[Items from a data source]
▼▼▼
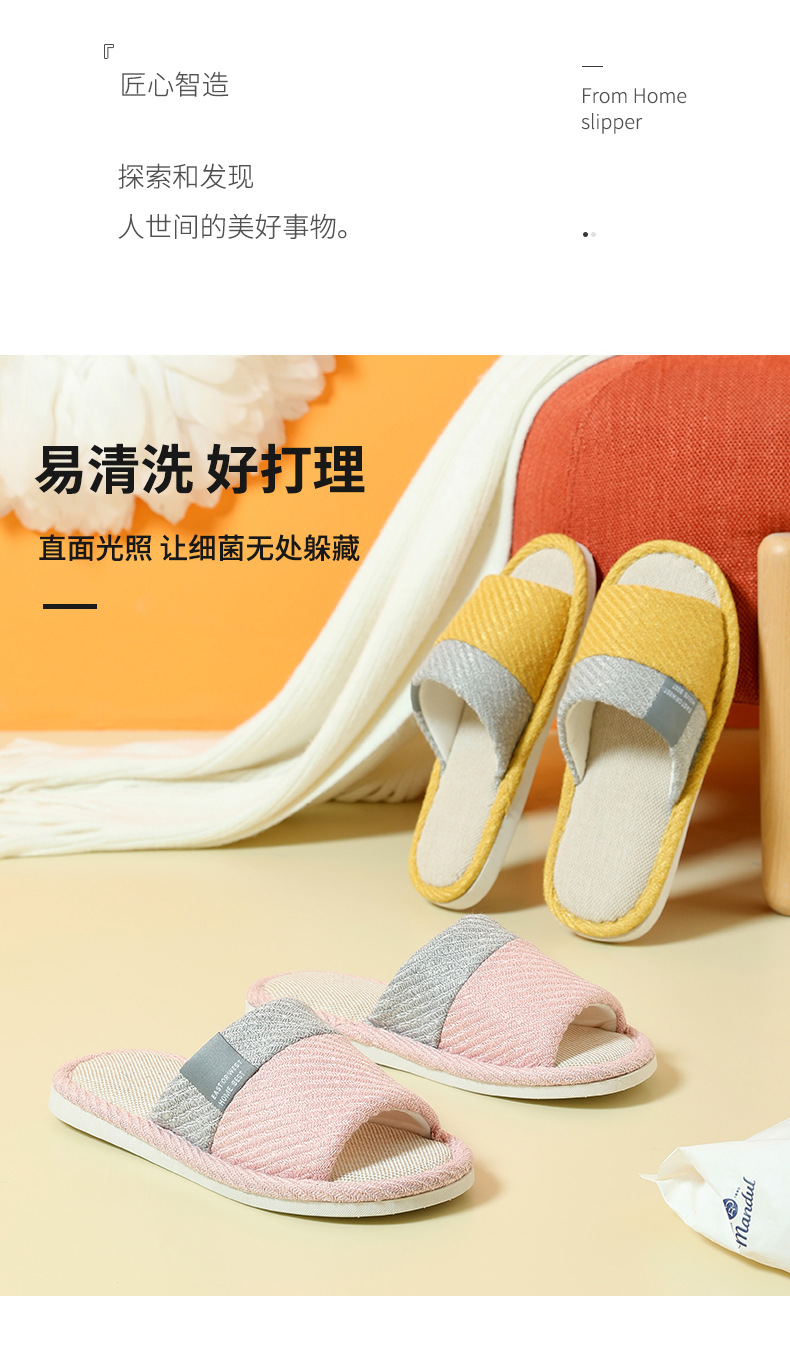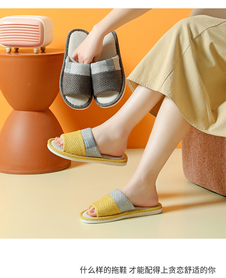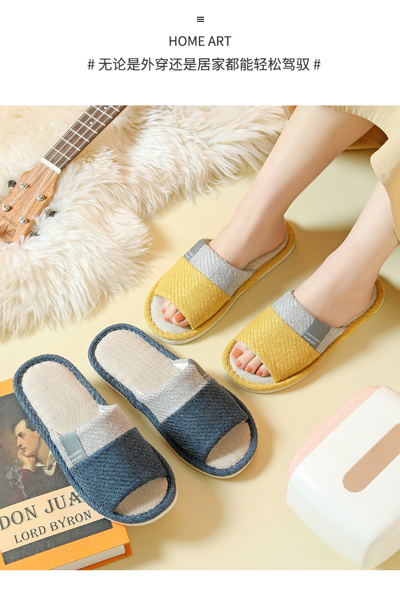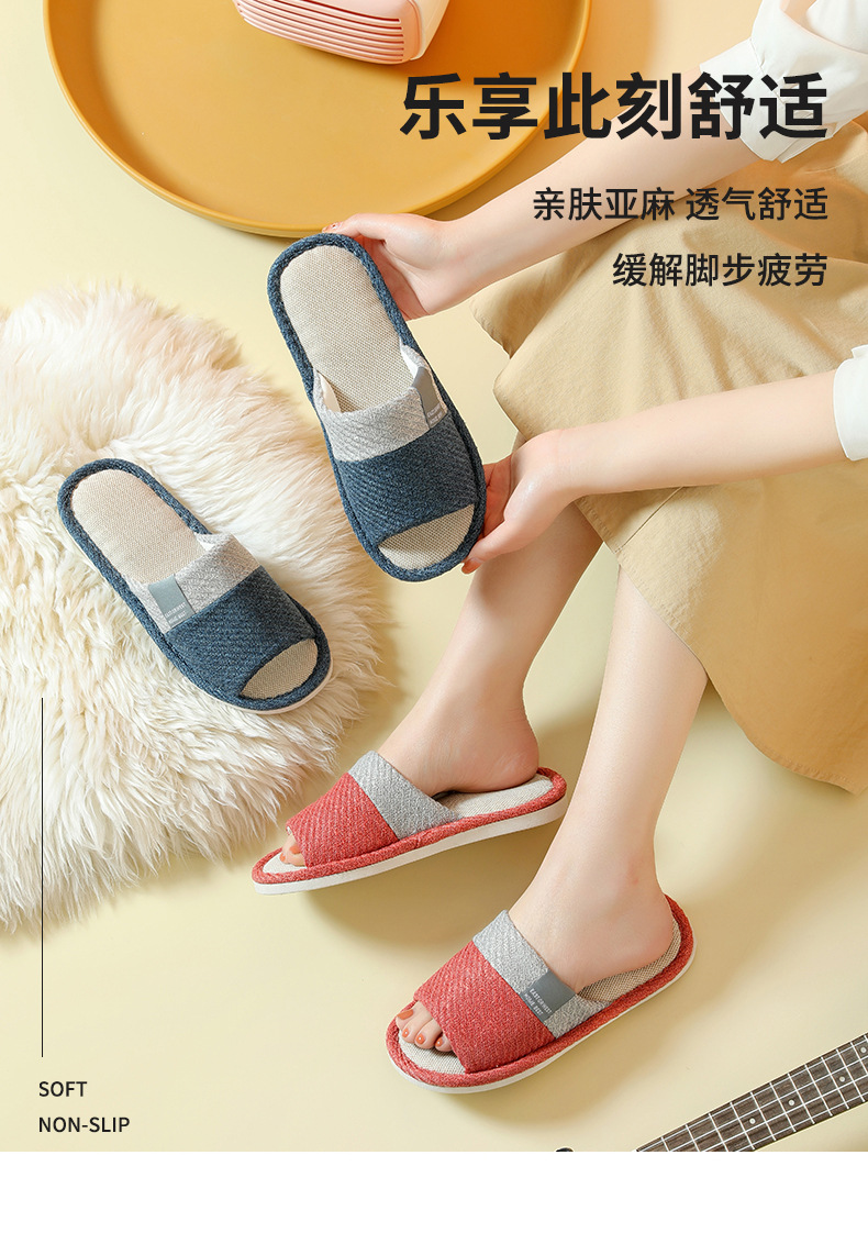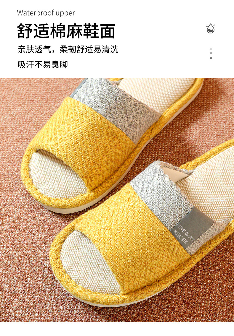 名宿四季亚麻开口拖鞋 情侣家居室内星级酒店专用EVA室内地板男女
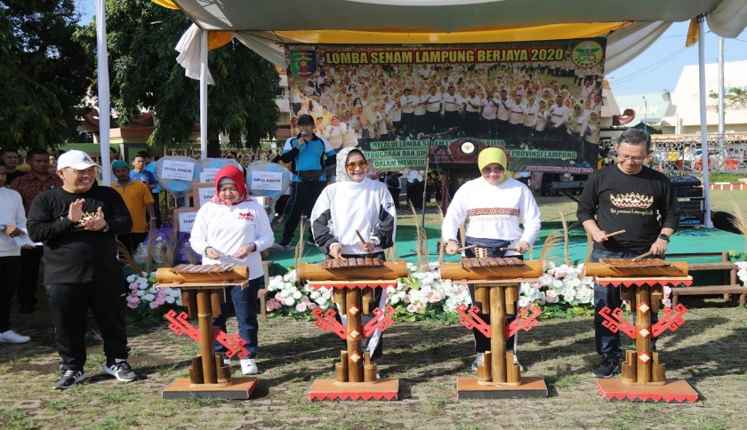 Bandar Lampung-Sebanyak 48 Organisasi Perangkat Daerah (OPD) di lingkungan Pemerintah Provinsi Lampung mengikuti lomba Senam Lampung Berjaya 2020 yang dibuka Ketua Tim Penggerak (TP) PKK Provinsi Lampung, Riana Sari Arinal di Lapangan Korpri Kantor Gubernur Lampung, Jumat (6/3/2020).
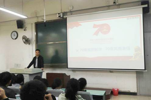 为庆祝中华人民共和国成立70华诞,w88win体育官网入口于10月21日下午4:00,在南校区A205以“70年披荆斩棘,70年风雨兼程”为主题开展主题党课,主讲人为公司党委副书记田雨。参加本次主题党课的有:各班班干部,员工组织主要干部,各辅导员老师。
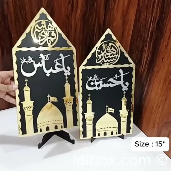 2 in 1 Premium Ya Hussain' and 'Ya Abbas' Wall and Table Patka
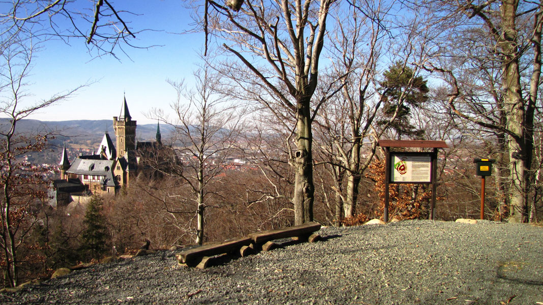 Vom Wernigeröder Schloss aus kann man über den Amalienweg den Agnesberg besteigen und die Wanderung zum Gasthaus Christianental HWN 32 fortsetzen.
▲▲▲
--- Problem requirements ---
Apart from the pictures, all of the data must be duplicated exactly as shown above.

--- Problem solution ---
 名宿四季亚麻开口拖鞋 情侣家居室内星级酒店专用EVA室内地板男女
 Bandar Lampung-Sebanyak 48 Organisasi Perangkat Daerah (OPD) di lingkungan Pemerintah Provinsi Lampung mengikuti lomba Senam Lampung Berjaya 2020 yang dibuka Ketua Tim Penggerak (TP) PKK Provinsi Lampung, Riana Sari Arinal di Lapangan Korpri Kantor Gubernur Lampung, Jumat (6/3/2020).
 为庆祝中华人民共和国成立70华诞,w88win体育官网入口于10月21日下午4:00,在南校区A205以“70年披荆斩棘,70年风雨兼程”为主题开展主题党课,主讲人为公司党委副书记田雨。参加本次主题党课的有:各班班干部,员工组织主要干部,各辅导员老师。
 2 in 1 Premium Ya Hussain' and 'Ya Abbas' Wall and Table Patka
 Vom Wernigeröder Schloss aus kann man über den Amalienweg den Agnesberg besteigen und die Wanderung zum Gasthaus Christianental HWN 32 fortsetzen.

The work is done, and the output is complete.